AI Assisted Architecture Analysis
Availability
✅
❌
From
October 25
Not Available
The AI-powered review functionality provides intelligent architecture and code quality analysis during pull request reviews. This feature automatically analyzes changed files using advanced language models to provide contextual insights about architectural patterns, Flxbl framework compliance, and potential improvements.
Overview
The architecture analysis performs real-time analysis of pull request changes to:
Analyze architectural patterns and design consistency
Identify alignment with Flxbl framework best practices
Suggest improvements based on changed files context
Provide severity-based insights (info, warning, concern)
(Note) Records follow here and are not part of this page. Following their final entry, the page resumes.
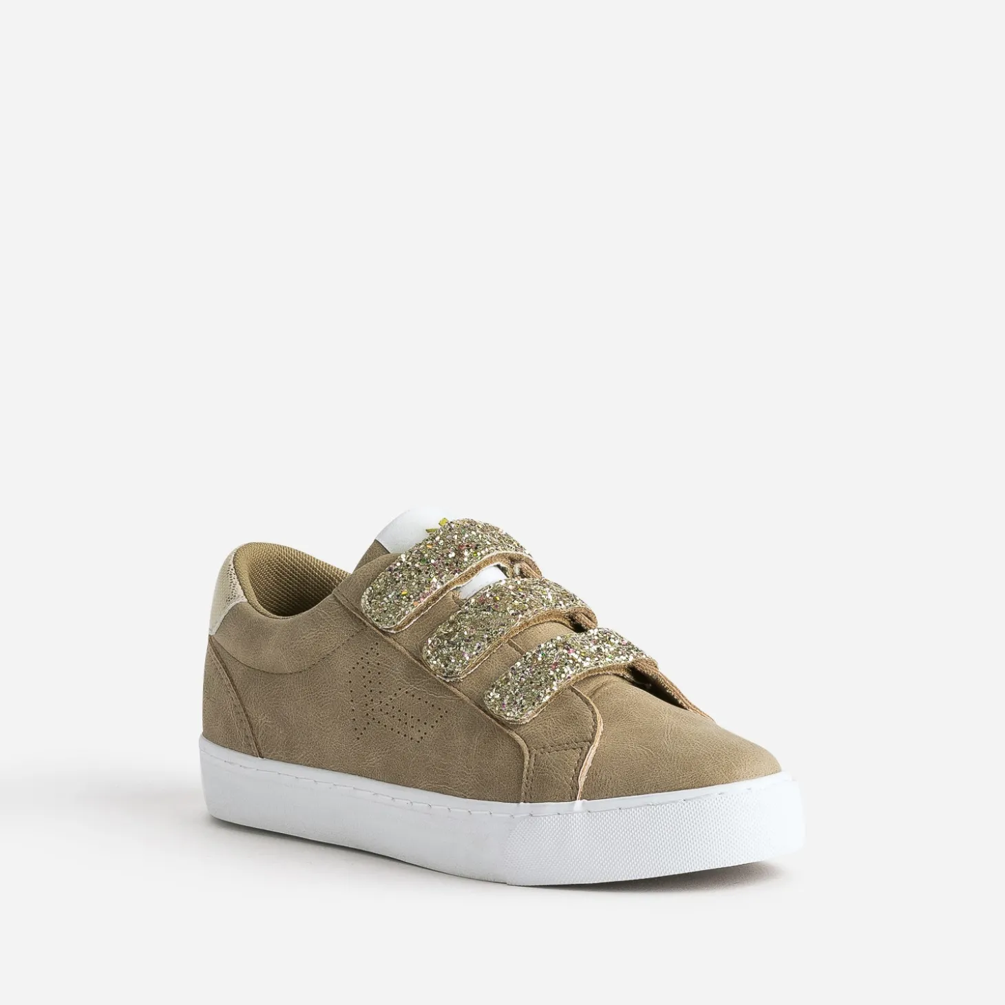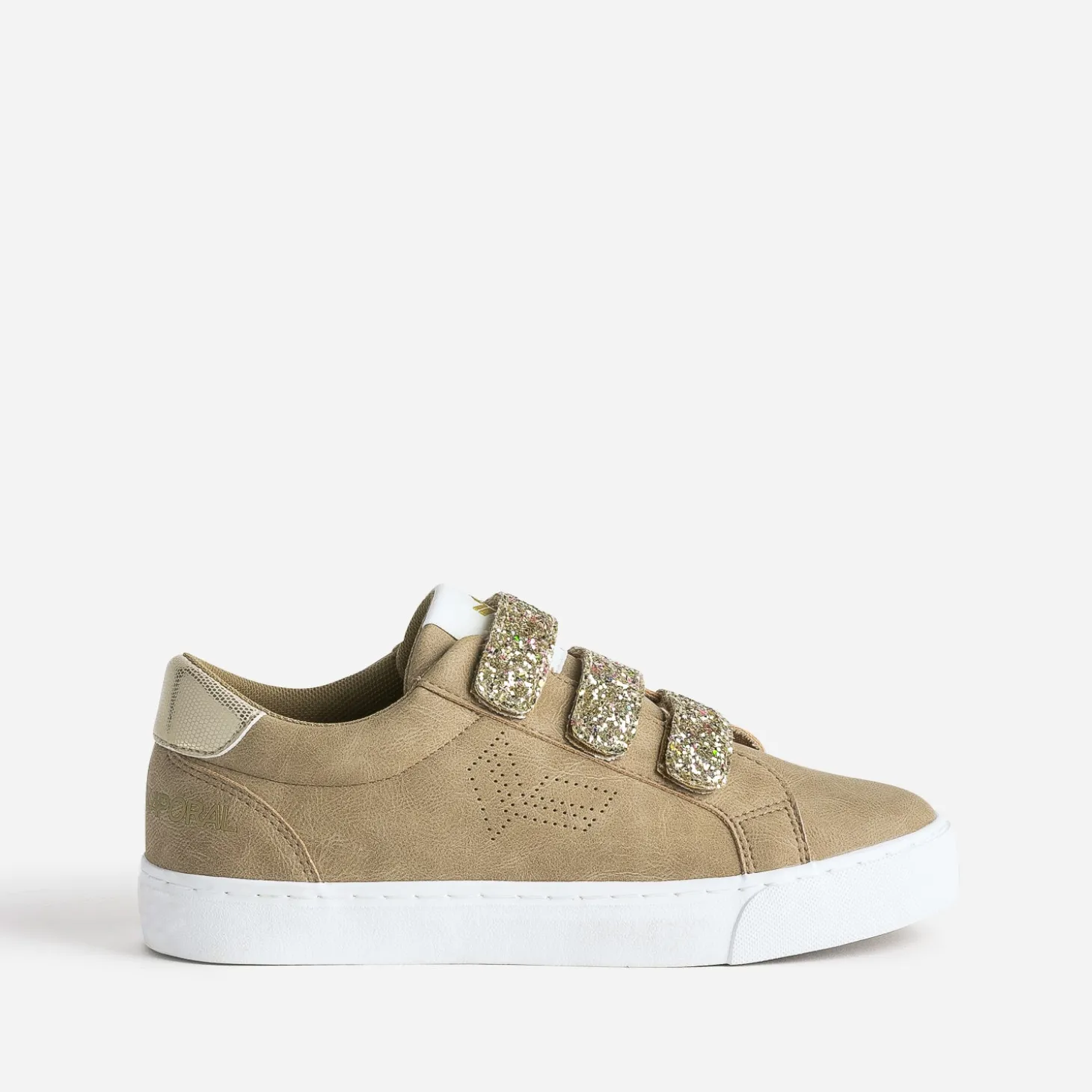Cette tennis pour femme est une création qui mixe matière synthétique et textile. Déclinée en coloris camel, elle marque son originalité par une fermeture à 3 scratchs recouverts de paillettes dorées et un contrefort à embossage et imprimé effet python assorti. La marque affiche ses logos dorés sur le côté et le contrefort. Un modèle idéal dès l’inter-saison, avec un look dans les tons bleus ou naturels.
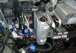 警告切勿忘记补充因取出旧干燥剂包而损失的机油量。否则可能导致温度系统发生严重损坏。 - 连接低压电源。请参阅低压电源(断开和连接)。
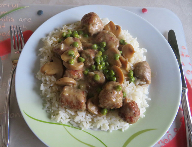 Gebratene Rinderhackklößchen in Rahmsoße mit Champignons und TK-Erbsen
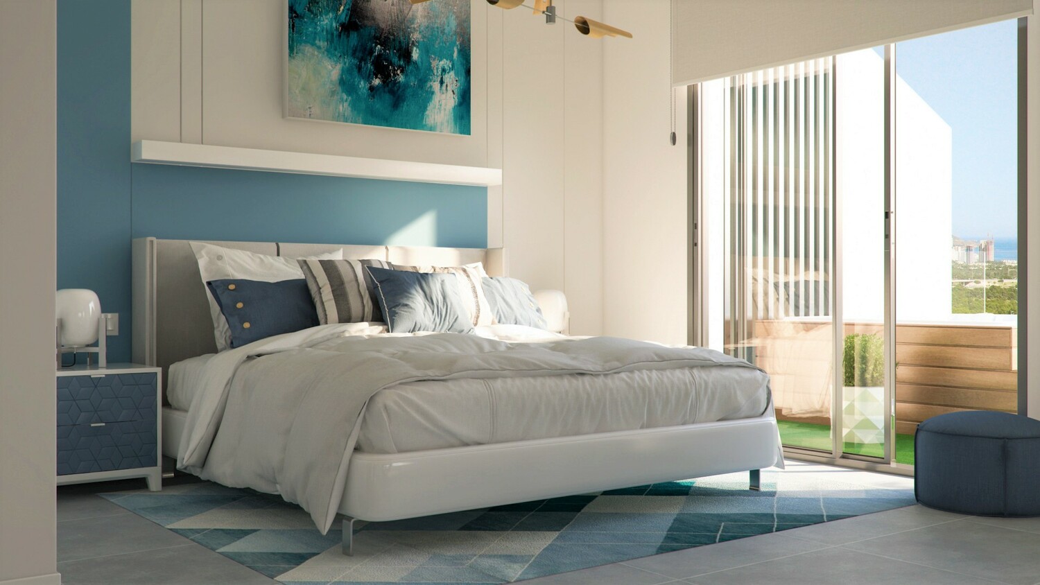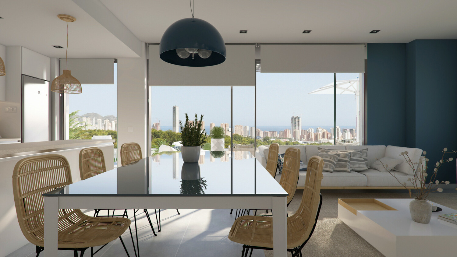 Deze bijzonder vormgegeven verdieping appartementen met 2 of 3 slaapkamers en 2 badkamers zijn gelegen op een opvallend mooi afgesloten en beveiligd complex dat tussen de heuvels ligt, met een buitengewoon spectaculair uitzicht op de sky-line van Benidorm. De appartementen zijn voorzien van een prachtig groot terras van 35 m2 voor de 2 slaapkamer appartementen en 42 m2 voor de 3 slaapkamer appartementen. Er is een garage en een prive berging voor fietsen. De zeer luxe gemeenschappelijke ruimte heeft een binnen- en een buitenzwembad, een jacuzzi, een in- en outdoor Gym en Padel banen.
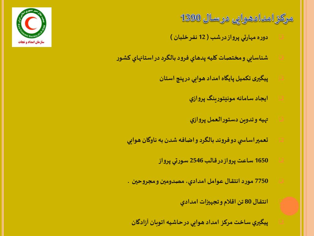 مرکز امدادهوایی در سال 1390 • دوره مهارتي پرواز در شب ( 12 نفر خلبان ) • شناسايي و مختصات كليه پدهاي فرود بالگرد در استانهاي كشور • پیگیری تکمیل پايگاه امداد هوايي در پنچ استان • ايجاد سامانه مونيتورينگ پروازي • تهيه و تدوين دستورالعمل پروازي • تعمير اساسي دو فروند بالگرد و اضافه شدن به ناوگان هوايي • 1650 ساعت پرواز در قالب 2546 سورتي پرواز • 7750 مورد انتقال عوامل امدادي، مصدومين و مجروحين . • انتقال 80 تن اقلام و تجهيزات امدادي • پيگيري ساخت مركز امداد هوايي در حاشيه اتوبان آزادگان
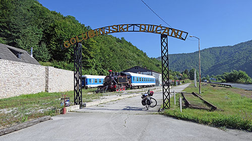 Ne znam koji bi me prizor toliko iznenadio koliko ovaj kad sam pored magistrale ugledao friško dotjeranu lokomotivu sa putničkim vagonom. Da bi došao do njih morao sam proći ispod natpisa „Golubinjski dućani“.

Generate actionable recommendations
How It Works
The AI assisted architecture analyzer integrates into the project:analyze
command and:
Detects PR Context: Automatically identifies when running in a pull request environment
Analyzes Changed Files: Focuses analysis on modified files only (up to 10 files for token optimization)
Applies AI Analysis: Uses configured AI provider to analyze architectural patterns
Reports Findings: Generates structured insights without failing the build (informational only)
Creates GitHub Checks: Posts results as GitHub check annotations when running in CI
Prerequisites
OpenCode is currently only supported on OSX or Linux runtimes. It's not supported for Windows platforms.
For complete setup instructions, see Configuring LLM Providers.
Quick Setup:
# Install OpenCode CLI
npm install -g opencode-ai
nfigure Anthropic (recommended)
sfp ai auth --provider anthropic --auth
Configuration
The architecture analyzer is configured through a YAML configuration file at config/ai-architecture.yaml
:
# Enable/disable AI architecture analysis
enabled: true
# AI Provider Configuration (optional - auto-detects if not specified)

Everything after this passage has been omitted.